Over the crazy loud disco bar music, he leaned in and spoke softly and directly in my ear. “Oh honey, no, sleeping with you? No. That would complicate things and the last thing our darling friendship needs is complications. Don’t fuck where your secrets lay, dearest. Never fuck the grrl who knows the most about you.”

He immediately read the crestfallen look on my face. "Thing is doll, is that we both know you are looking for love. and that is awesome for you. For you. I am not looking for love. I'm looking for red hot fucks that end as quick as they ignited. I've done love a few times, I know the difference. And I'd be a pretty horrible best friend to take advantage of that."


earned respite

snow town

The crazy pace of the summer and autumn seasons are gently but completely eliminated when they arrive. Once we're past Thanksgiving weekend, everyone waits impatiently for their own set of reasons.

There is a wagering case of beer down at Asterbar on who guesses the time and date correctly.

Eager elementary school artists have been frantically creating and decorating construction paper replicas in hopes of calling them from their hiding place in the sky.

Bickman's Foods has stocked up knowing that they will keep people close from heading to the Walmart on the freeway or the food court at the mall a few exits down.

Gilman's hardware store displays a gleaming array of the newest in winter shovels. Just inside their front door, in a top lit case is the new fangled heated windshield scraper you've seen on TV.

Teachers will wake up and upon looking out the window, smile while putting the kettle on, having earned respite from the usual morning routine.

If there is a true magic spell, they are definitely it. The snowflake's earned reputation for blanketing our small town with calm and serenity is generations earned.


imagined reaching for them


I spent a great majority of my youth staring at the stars and imagined reaching for them. I had a poster of the astronauts that reached the moon on the wall of my bedroom till I was 20. I had hanging models of lunar modules and the space shuttle.

I have this book from my childhood that tracks what my aspirations were and every year on the line where it says "what do I want to be when I grow up?" - it says 'Astronaut' or 'Airline Pilot' or any number of aspirations.

I was a smart kid and wanted to do smart things.

"Look at your grades, I'm always after you about how lazy you are, you are nobody's future astronaut," he said to me nonchalantly.

It's amazing looking back on those years how much impact that single conversation had on me.

Pilot. no.

Engineer. impossible.

School Teacher. never.

Forest Ranger? too hard, too much biology. no.

By middle school, all of my greatest career aspirations were dissuaded.

Pop has been gone now for sixteen years and I'm fifty-two years old.

Every time I'm out in the country and I look up at the stars I stop and sigh, replaying that conversation like it just happened.
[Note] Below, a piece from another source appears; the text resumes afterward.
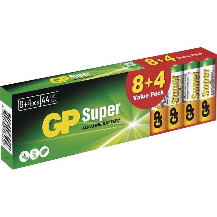 Batérie Alkaline GP Super B1320T, AA, 8+4ksJedná sa o tužkové batérie s napätím 1,5 V. Batérie Alkaline sa radia medzi jednorázové batérie GP typu AA a vyznačujú sa svojou vysokou kvalitou spracovania a materiálov. Sú navrhnuté na použitie u všetkej prenosnej elektroniky v domácnosti. Pýšia sa technológiou proti pretečeniu a dlhou životnosťou. V balení nájdete 12 kusov týchto batérií. |

Why did I let myself spend so many years whispering to myself, "not for me."?

I stop, rewarding myself with a big smile, realizing that childhood tape is playing in my head. I hit the firm stop button on it, take a deep breath - and I purposefully look back up at the night sky and reach for the stars.
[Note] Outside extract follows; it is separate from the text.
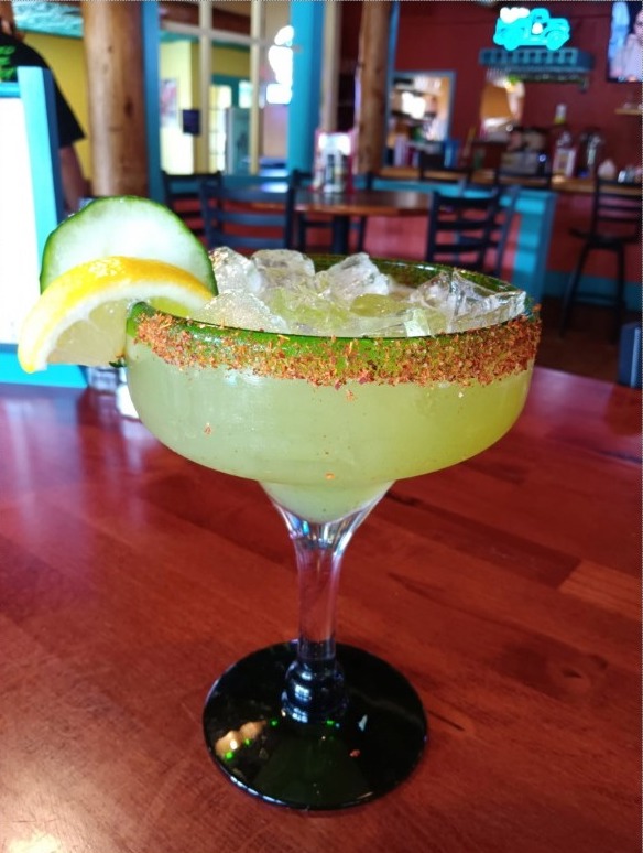 The margarita of the month at Casa del Rey is The Plankton. The green drink has 1800 Blanco Tequila, triple sec, fresh lime juice, cucumber juice and agave with Tajin seasoning on the rim of the glass and a cucumber slice garnish.
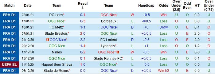 - Thống kê 10 trận gần nhất của Nice

they don't be listening to me


The call came through for medical assistance from Stately Meadows at 2am. It's that large assisted living center over on Wilkers street?
We laughed in the ambulance on the way over about what kind of trouble could they possibly be in at this hour.

We parked and grabbed our kits. Standing out front was a clearly upset female nurse, smoking a cigarette.
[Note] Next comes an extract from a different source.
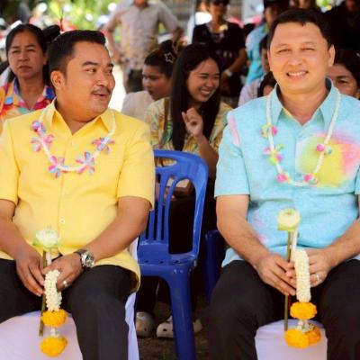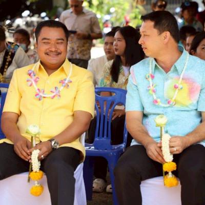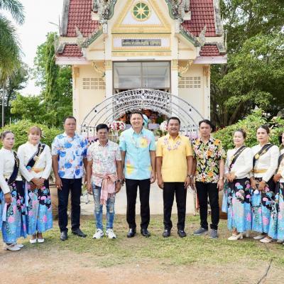เลขานุการนายกองค์การบริหารส่วนจังหวัดสงขลา / นายชัฏฌฉัตร นุสคง สมาชิกสภาองค์การบริหารส่วนจังหวัดสงขลา เขต 1 อำเภอสิงหนคร / นางมยุรี พานชัย ผู้อำนวยกองการศึกษา ศาสนาและวัฒนธรรม องค์การบริหารส่วนจังหวัดสงขลา / พระอธิการจำลอง เจ้าอาวาสวัดไทรทอง / บุคลากรกองการศึกษา ศาสนาและวัฒนธรรม องค์การบริหารส่วนจังหวัดสงขลา / หัวหน้าส่วนราชการ และพี่น้องประชาชนชาวตำบลทำนบ อำเภอสิงหนคร จังหวัดสงขลา ร่วมในพิธีเปิดโครงการฯ

"I'm Nurse Higgins, the night supervisor," she said, angrily extinguishing her cigarette with her foot, "Sorry ta bother ya'll but we've got a mess on our hands."

She leads us into the facility and up a wide staircase into a set of rooms labeled "EXERCISE FOR LIFE!" - and in the center of one the room was a group of six men in a pile on top of a twister board.

"I told these fools that Twister in your 90s was a bad idea, but they don't be listening to me."